• What is needed
All that is wanted is the exact lines from the first line of the data below through the line with "It's easy to", both ends included, with pictures omitted.

• Data listing
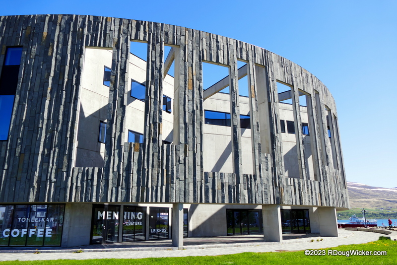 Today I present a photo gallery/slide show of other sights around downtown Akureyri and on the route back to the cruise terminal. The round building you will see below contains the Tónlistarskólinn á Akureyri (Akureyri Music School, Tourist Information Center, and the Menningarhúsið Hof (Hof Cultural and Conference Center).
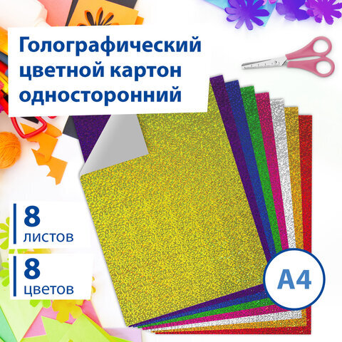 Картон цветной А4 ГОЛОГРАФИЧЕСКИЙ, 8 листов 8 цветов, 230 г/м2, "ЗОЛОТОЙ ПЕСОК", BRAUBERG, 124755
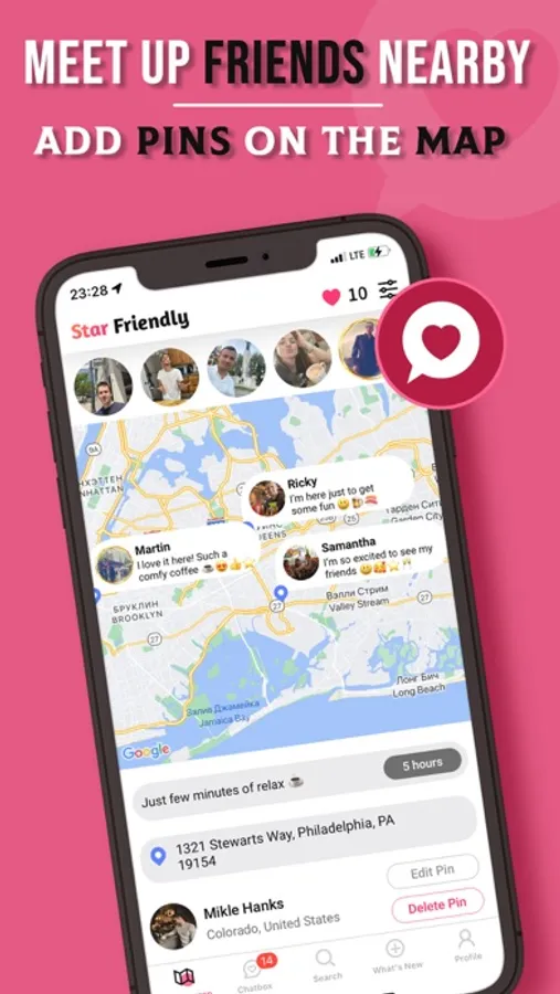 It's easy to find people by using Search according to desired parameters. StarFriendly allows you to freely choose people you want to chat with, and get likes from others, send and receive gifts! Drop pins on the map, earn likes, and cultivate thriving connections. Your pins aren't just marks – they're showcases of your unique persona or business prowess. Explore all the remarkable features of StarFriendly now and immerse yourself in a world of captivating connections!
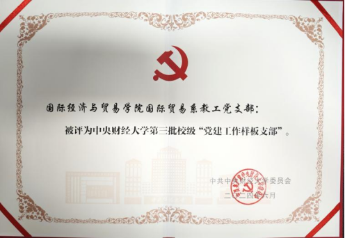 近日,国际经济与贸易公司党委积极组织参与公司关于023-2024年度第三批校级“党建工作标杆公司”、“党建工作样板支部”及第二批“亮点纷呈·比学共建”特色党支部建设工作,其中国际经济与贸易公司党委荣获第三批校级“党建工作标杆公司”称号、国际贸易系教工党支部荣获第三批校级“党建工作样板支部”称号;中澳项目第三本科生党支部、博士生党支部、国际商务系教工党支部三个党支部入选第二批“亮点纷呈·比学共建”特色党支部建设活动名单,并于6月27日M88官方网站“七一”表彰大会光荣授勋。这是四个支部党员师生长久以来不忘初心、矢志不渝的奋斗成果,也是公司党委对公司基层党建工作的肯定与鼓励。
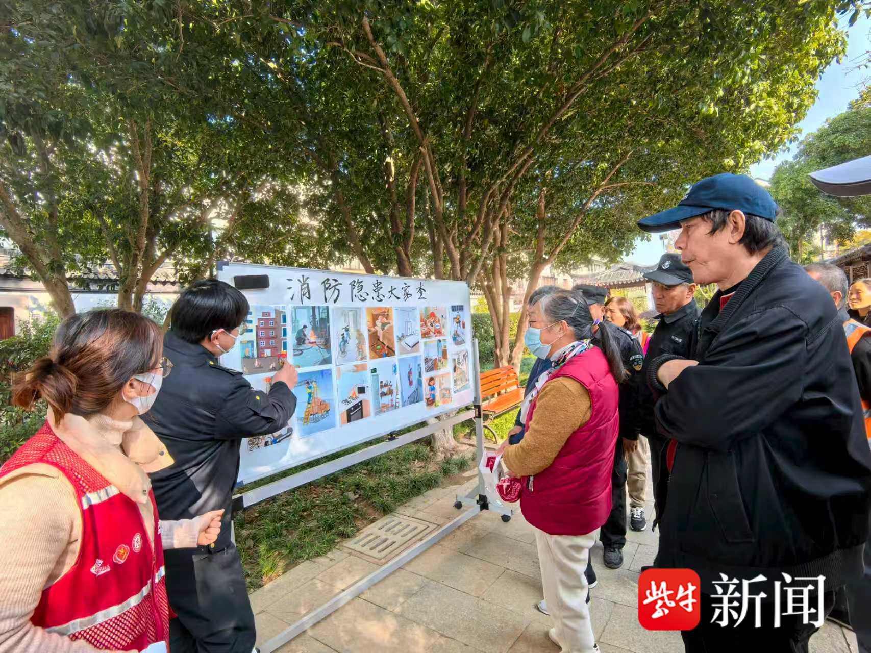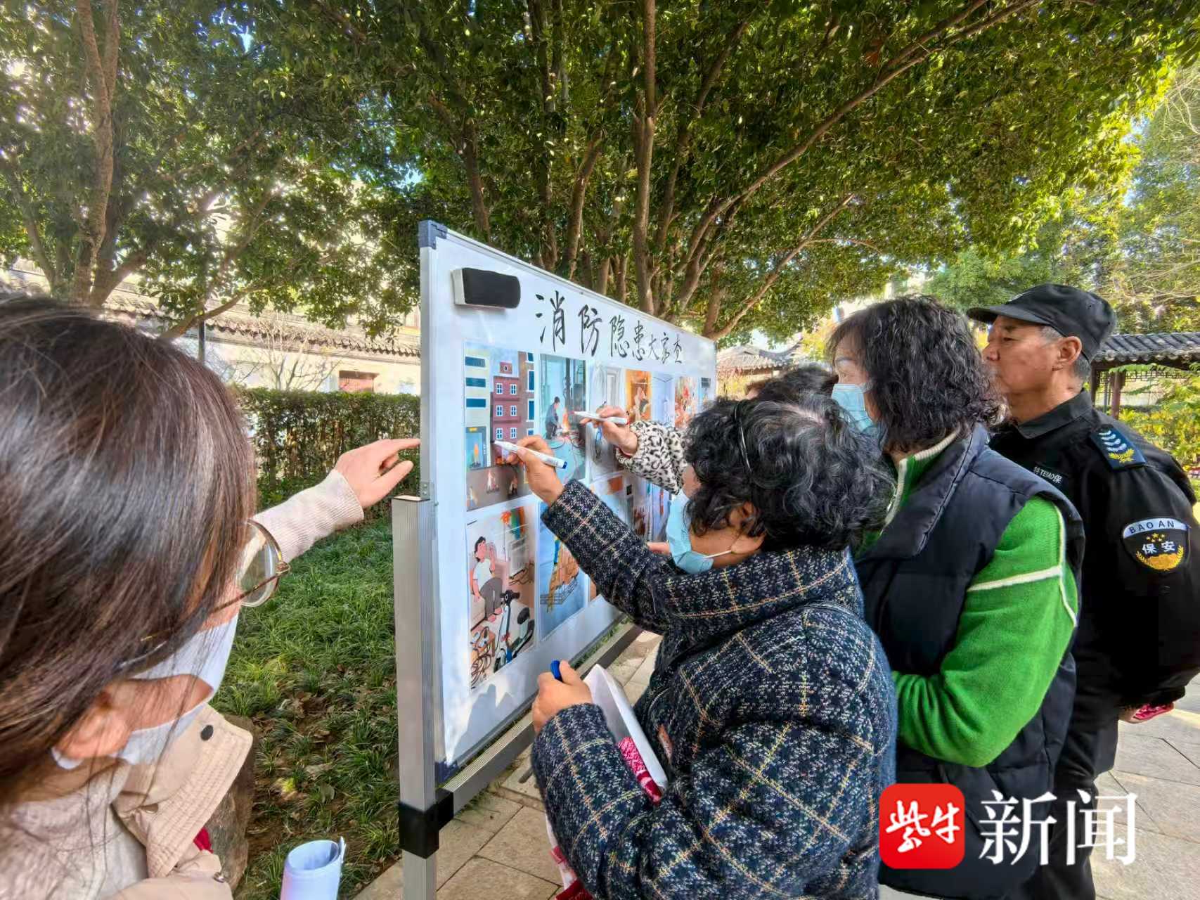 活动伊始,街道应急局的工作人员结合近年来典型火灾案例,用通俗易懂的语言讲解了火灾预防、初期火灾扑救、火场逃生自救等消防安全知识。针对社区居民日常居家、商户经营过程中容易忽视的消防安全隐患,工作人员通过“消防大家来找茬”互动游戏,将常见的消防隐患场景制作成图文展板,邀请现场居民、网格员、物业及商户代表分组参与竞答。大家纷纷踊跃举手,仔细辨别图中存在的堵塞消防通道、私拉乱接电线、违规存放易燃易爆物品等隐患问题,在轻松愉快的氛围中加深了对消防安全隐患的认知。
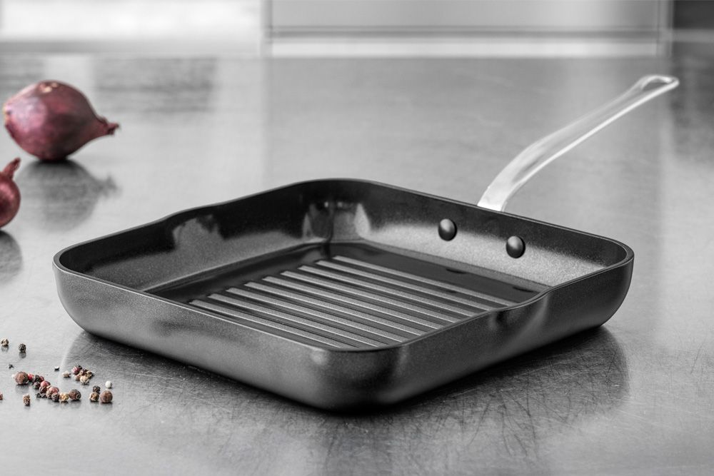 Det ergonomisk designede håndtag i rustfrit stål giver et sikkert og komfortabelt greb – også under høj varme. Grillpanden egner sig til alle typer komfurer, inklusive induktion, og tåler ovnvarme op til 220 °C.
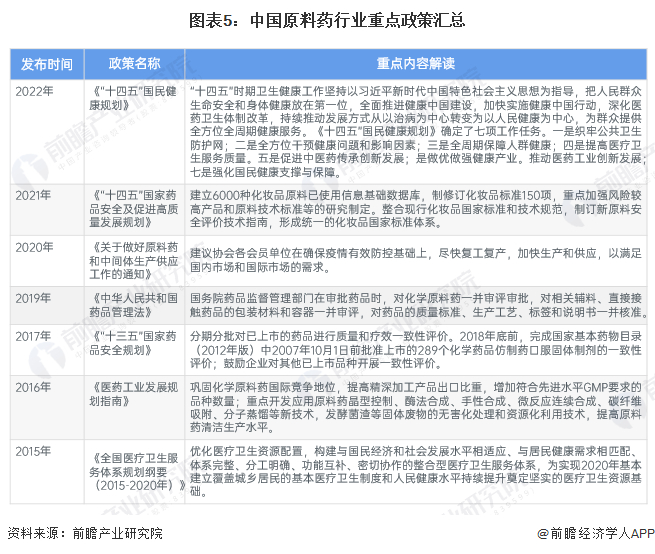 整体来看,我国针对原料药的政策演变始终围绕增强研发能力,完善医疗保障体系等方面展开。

• Reply to the task
 Today I present a photo gallery/slide show of other sights around downtown Akureyri and on the route back to the cruise terminal. The round building you will see below contains the Tónlistarskólinn á Akureyri (Akureyri Music School, Tourist Information Center, and the Menningarhúsið Hof (Hof Cultural and Conference Center).
 Картон цветной А4 ГОЛОГРАФИЧЕСКИЙ, 8 листов 8 цветов, 230 г/м2, "ЗОЛОТОЙ ПЕСОК", BRAUBERG, 124755
 It's easy to find people by using Search according to desired parameters. StarFriendly allows you to freely choose people you want to chat with, and get likes from others, send and receive gifts! Drop pins on the map, earn likes, and cultivate thriving connections. Your pins aren't just marks – they're showcases of your unique persona or business prowess. Explore all the remarkable features of StarFriendly now and immerse yourself in a world of captivating connections!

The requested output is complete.